China, Hong Kong shares rise on upbeat lending data

HONG KONG (Reuters) - Shares in China and Hong Kong rose on Friday, led by strong gains in the banking sector after data showed China's new bank lending and money supply rose faster than expected in May, adding to hopes that the economy was stabilising.

By midday, the Hang Seng Index rose 0.6 per cent to 23,316.31 points, while the China Enterprises Index of the top Chinese listings in Hong Kong was up a similar amount.

The CSI300 of the leading Shanghai and Shenzhen A-share listings gained 1.3 per cent, while the Shanghai Composite Index was up 0.9 per cent at 2,070.27 points.

On the week, the Hang Seng benchmark was up around 1.6 per cent. The H-share index rose 1.5 per cent and is headed for its fifth-straight weekly gain.

Onshore China markets were also set for a winning week, with the CSI300 up 2.1 per cent and the Shanghai benchmark 2 per cent.

"The mainland market is experiencing a weak rebound, as a series of data has showed economy stabilised in May and people have expectations about more targeted easing measures," said Xiao Shijun, analyst at Guodu Securities in Beijing.

Chinese banks were buoyed by May lending data that beat expectations, with 870.8 billion yuan worth of new bank loans made, higher than a forecast of 750 billion yuan and above the previous month's 774.7 billion yuan.

Leading gains in the CSI300 was Ping An Bank, which surged 6.3 per cent to a 4-month high.
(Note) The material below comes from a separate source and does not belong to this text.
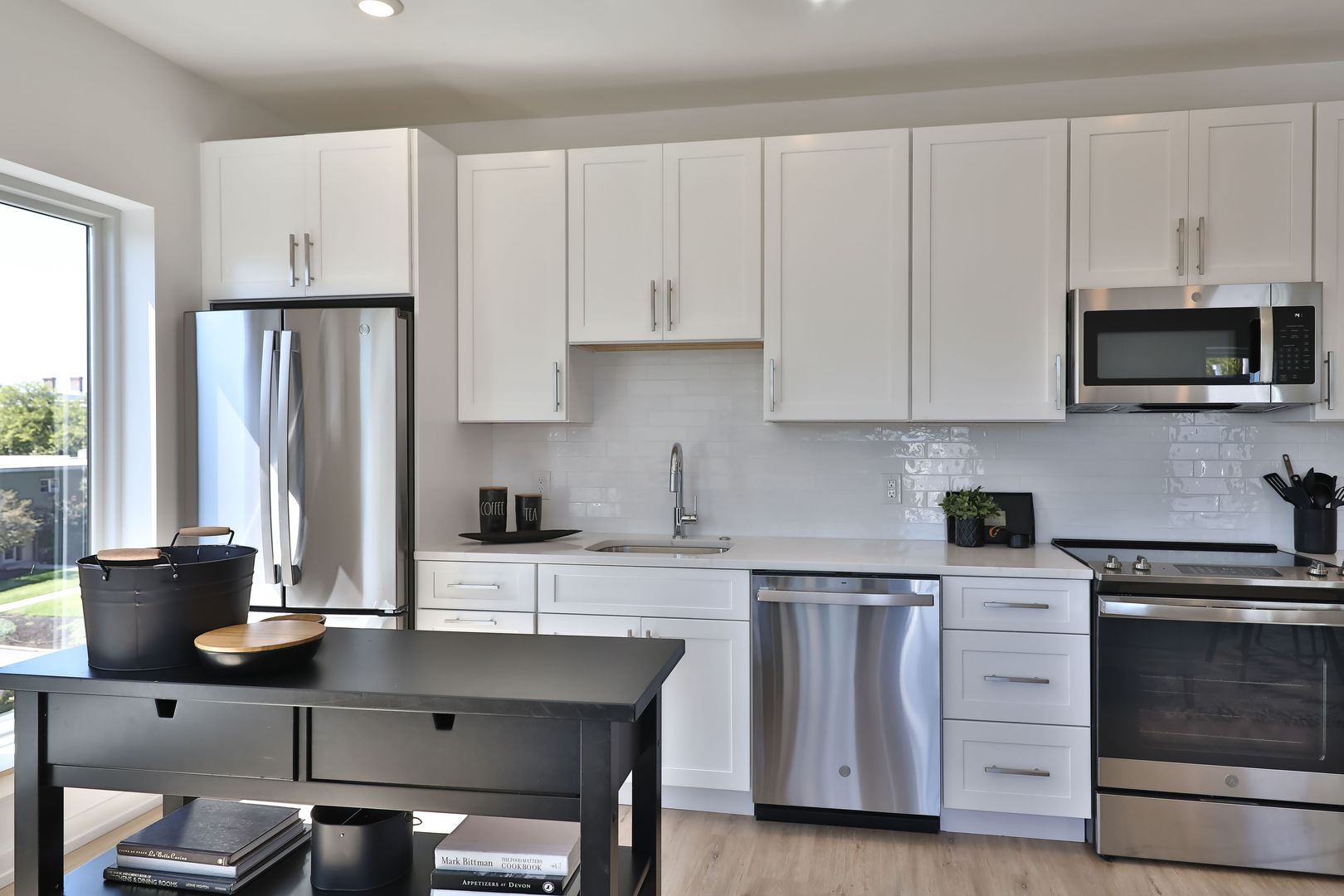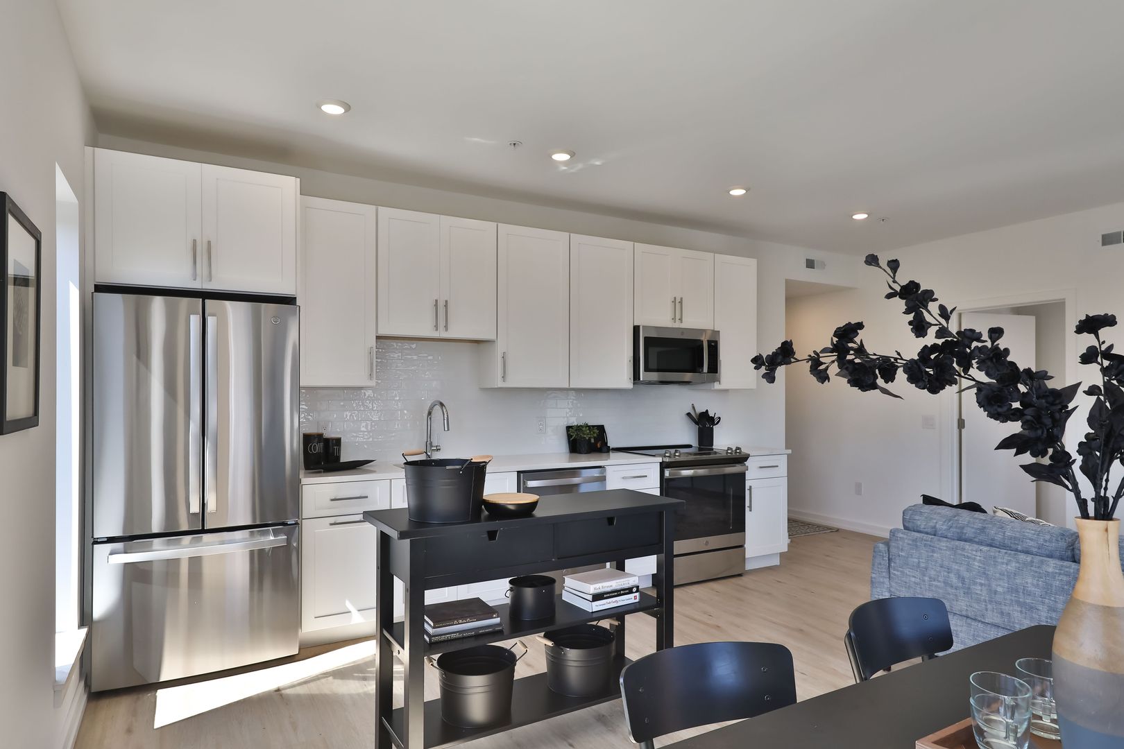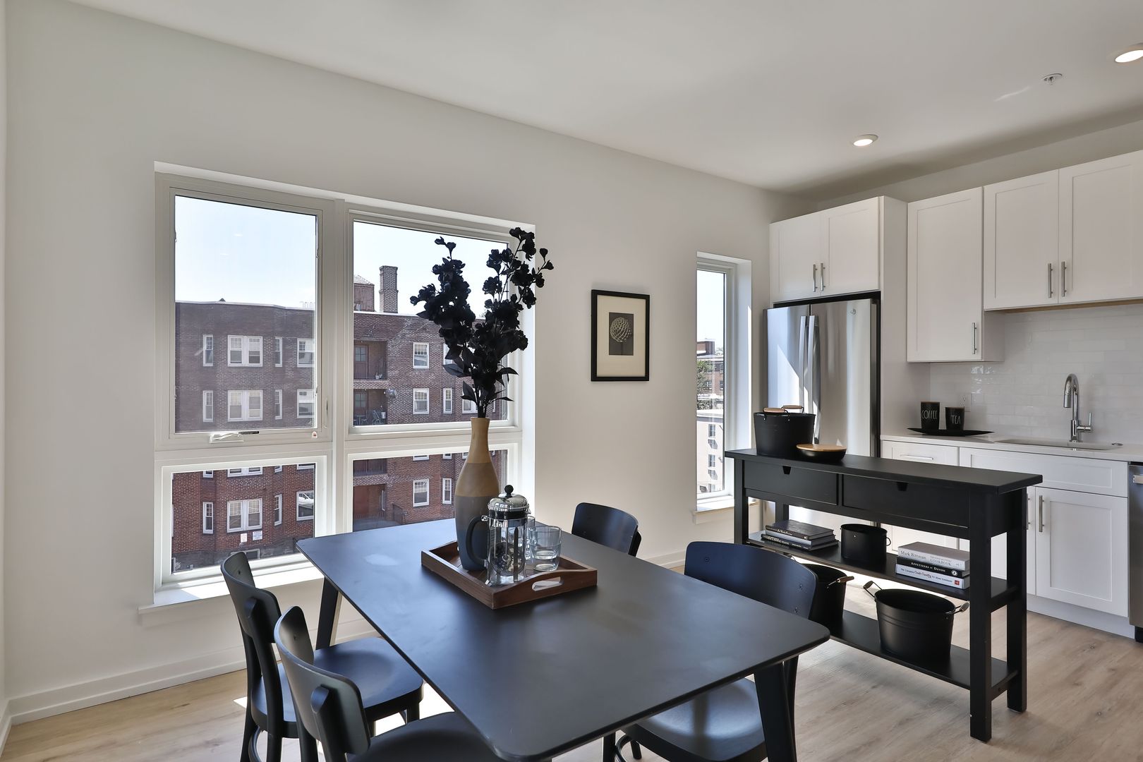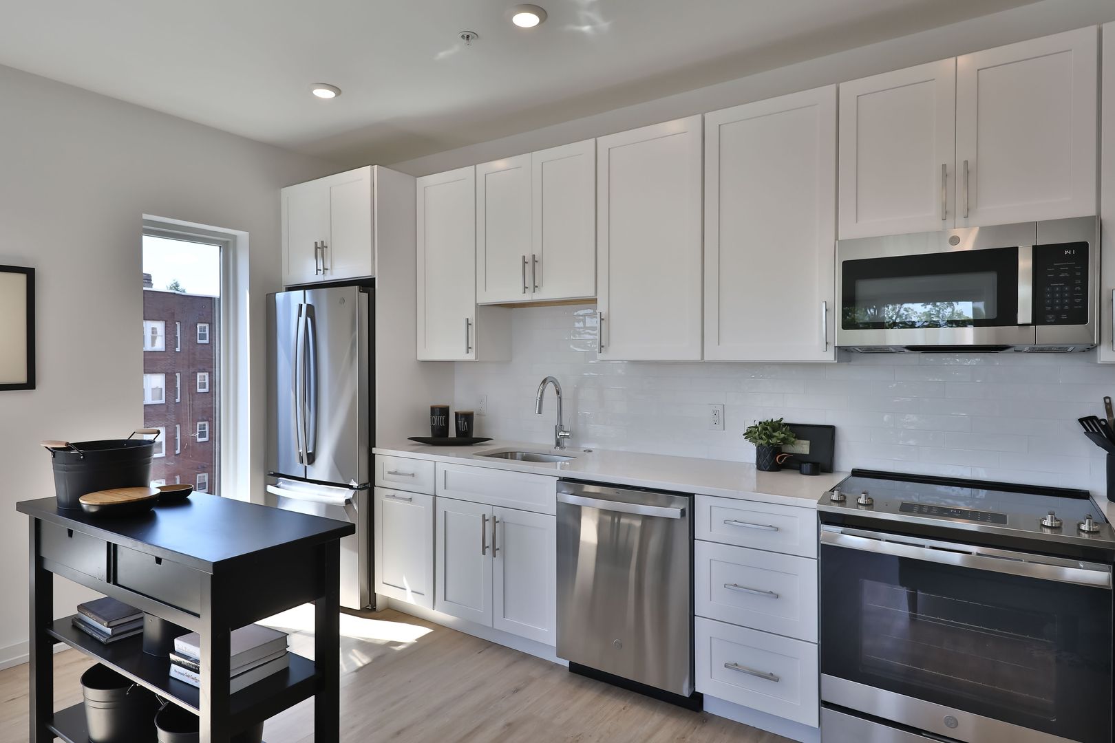 This two bedroom unit offers soaring ceilings, massive windows, and tremendous natural light. Stainless steel appliances (including dishwasher!) and custom quartz counters adorn every kitchen. Every apartment has loads of storage and custom closets.

China Minsheng Banking Corp and Industrial Bank gained 2.3 and 2.8 per cent, respectively.

All A-shares and H-shares of China's big four state banks rose in the morning, with Industrial and Commercial Bank of China up 1.4 per cent in Hong Kong.

Carmaker stocks also outperformed after Tesla Motors said it would allow others to use its intellectual property in hopes of speeding up development of electric cars by all manufacturers.
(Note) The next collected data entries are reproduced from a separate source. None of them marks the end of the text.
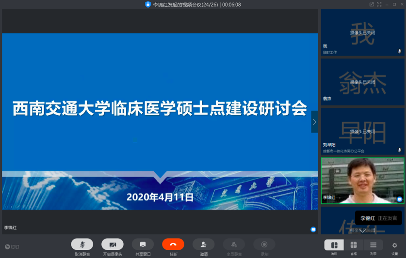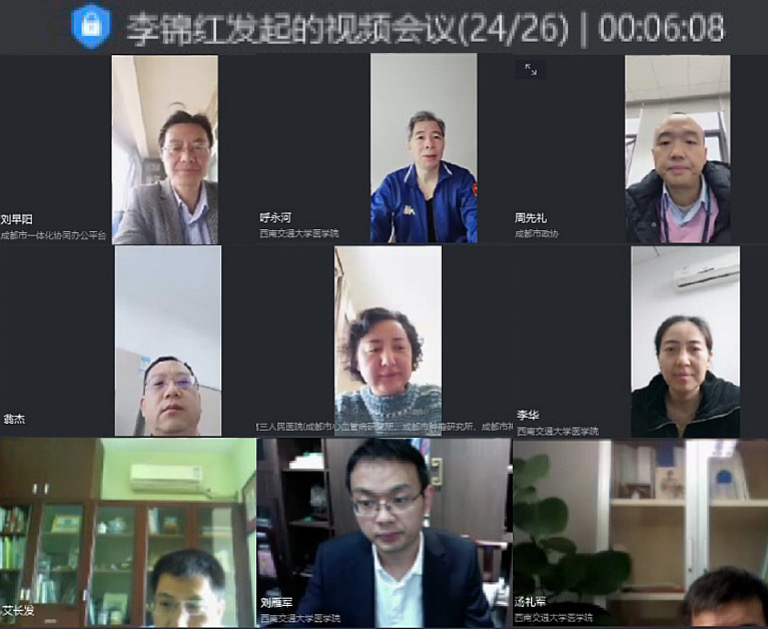 2020年4月11日上午,学院就建设临床医学一级学科硕士学位点、修订研究生培养计划等事宜进行了研究讨论。西南交通大学副校长朱健梅、研究生院常务副院长周先礼、研究生院副院长艾长发、西部战区总医院副院长呼永河、西南交通大学附属医院(成都市第三人民医院)院长刘早阳、副院长李暄、医学院党政班子成员以及各二级学科带头人参加会议。本次会议由医学院直属党支部书记李锦红主持。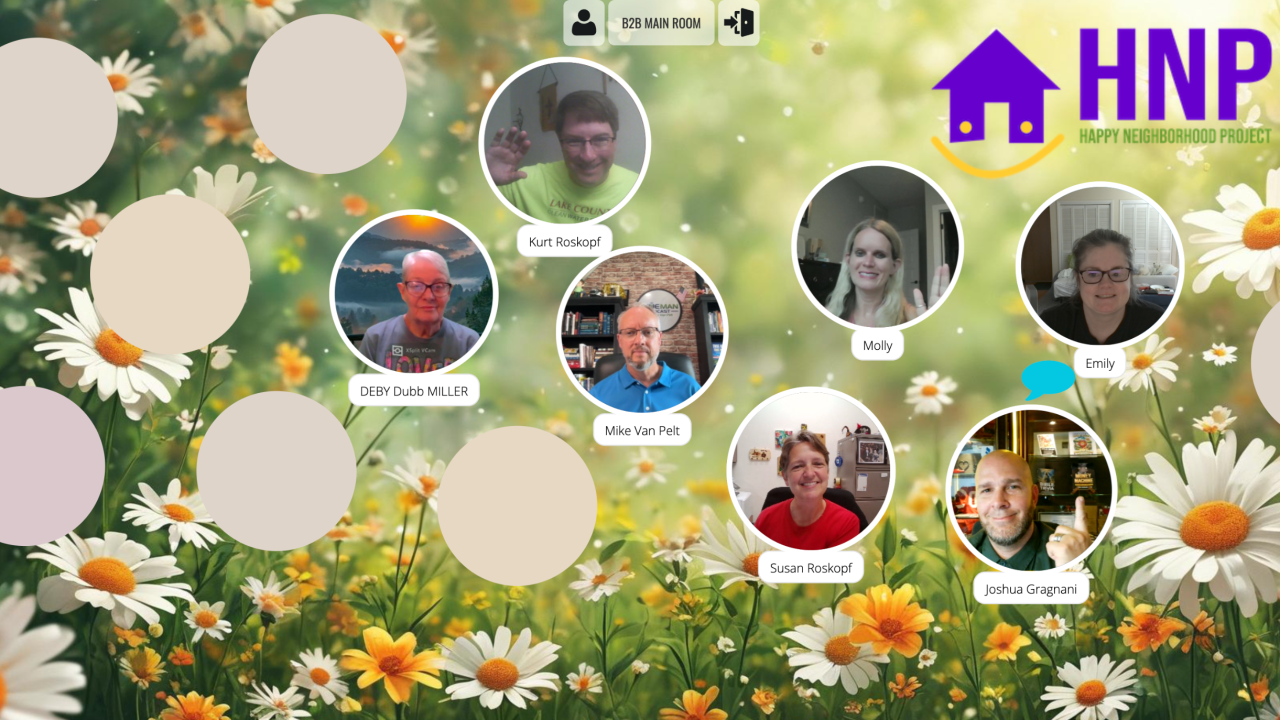 HNP meetings throughout the week https://happyneighborhoodproject.com/networking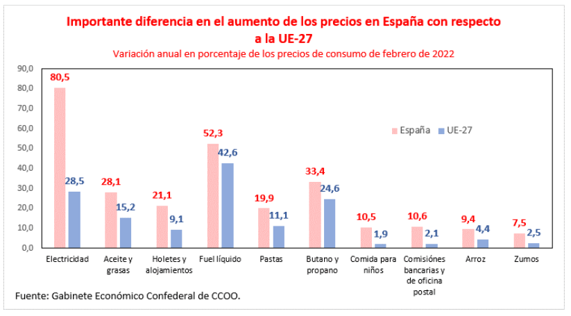 Según el gabinete económico confederal de CCOO, los precios al consumo han aumentado más en España que en el resto de la Unión Europea (ver gráfico 1). La razón está en una excesiva dependencia energética del gas, y del lucrativo negocio que el sector energético supone para las multinacionales quienes actuan en régimen de oligopolio y especulan a su antojo. Quienes pagamos su “fiesta de los beneficios”, otros lo llaman “pa la saca”, somo los trabajadores, que vemos como cierran nuestras empresas, temporal o definitivamente, por no poder hacer frente al aumento de la energía y materias primas. Vemos como el empleo, sobre todo industrial, pierde peso, y vemos como los precios de nuestra cesta de la compra se disparán, mientras que con nuestros salarios y pensiones cada vez cuesta más llenar el carrito.
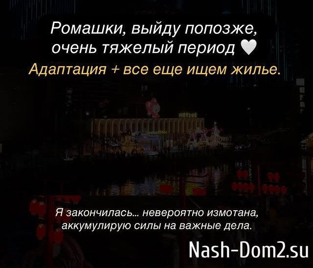 Анастасия Ромашова предупредила подписчиков, что пока она не будет выходить с ними на связь. Они с мужем пытаются найти жилье на новом месте.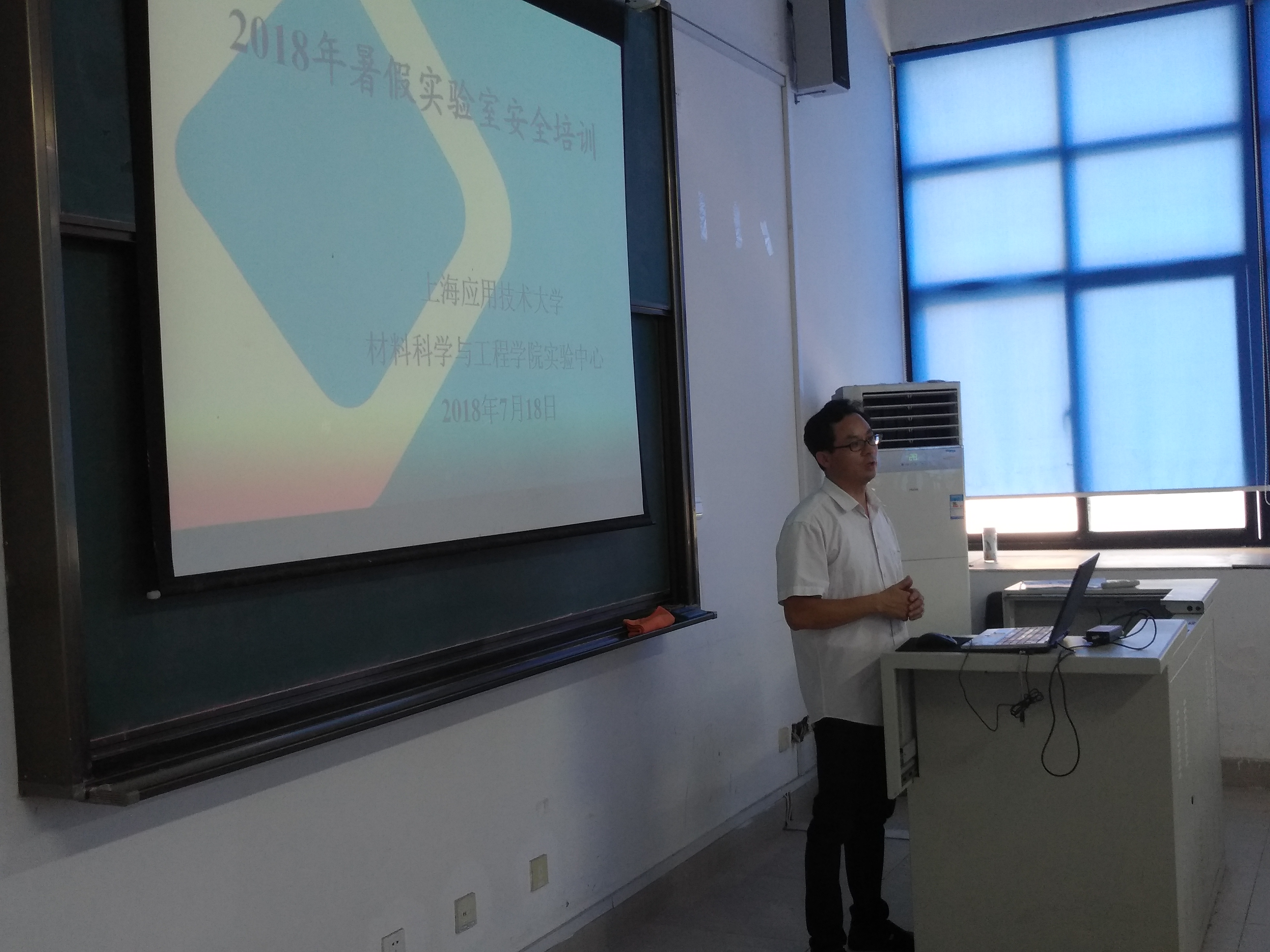 当日下午,根据学院安排,实验中心主任储耀卿博士对暑期留校继续研究工作的所有学生进行了安全专题培训。储老师从人身、水电、仪器设备、试剂存放到废液处理等方面,详细讲解了实验室操作注意事项。特别要求暑期留校开展实验的学生,必须严格遵守操作规范,彻底消灭安全隐患。并通过案例讲解、情景模拟,指导实验人员在遇到不同灾害事故时的自我保护和危机应对能力。最后,辅导员于圣洁老师也特别叮嘱了同学们假期留校安全事宜,提高安全防范意识。

Warren Buffett-backed BYD gained 3.9 per cent in Shenzhen and 1.3 per cent in Hong Kong.

Weichai Power spiked 3.4 per cent in Hong Kong and 2.4 per cent in Shenzhen after the company said late on Thursday it obtained effective control over German forklift truck maker Kion.

Additional Chinese economic data due on Friday afternoon is likely to show factory output edged higher in May but investment growth slowed further, a Reuters poll showed.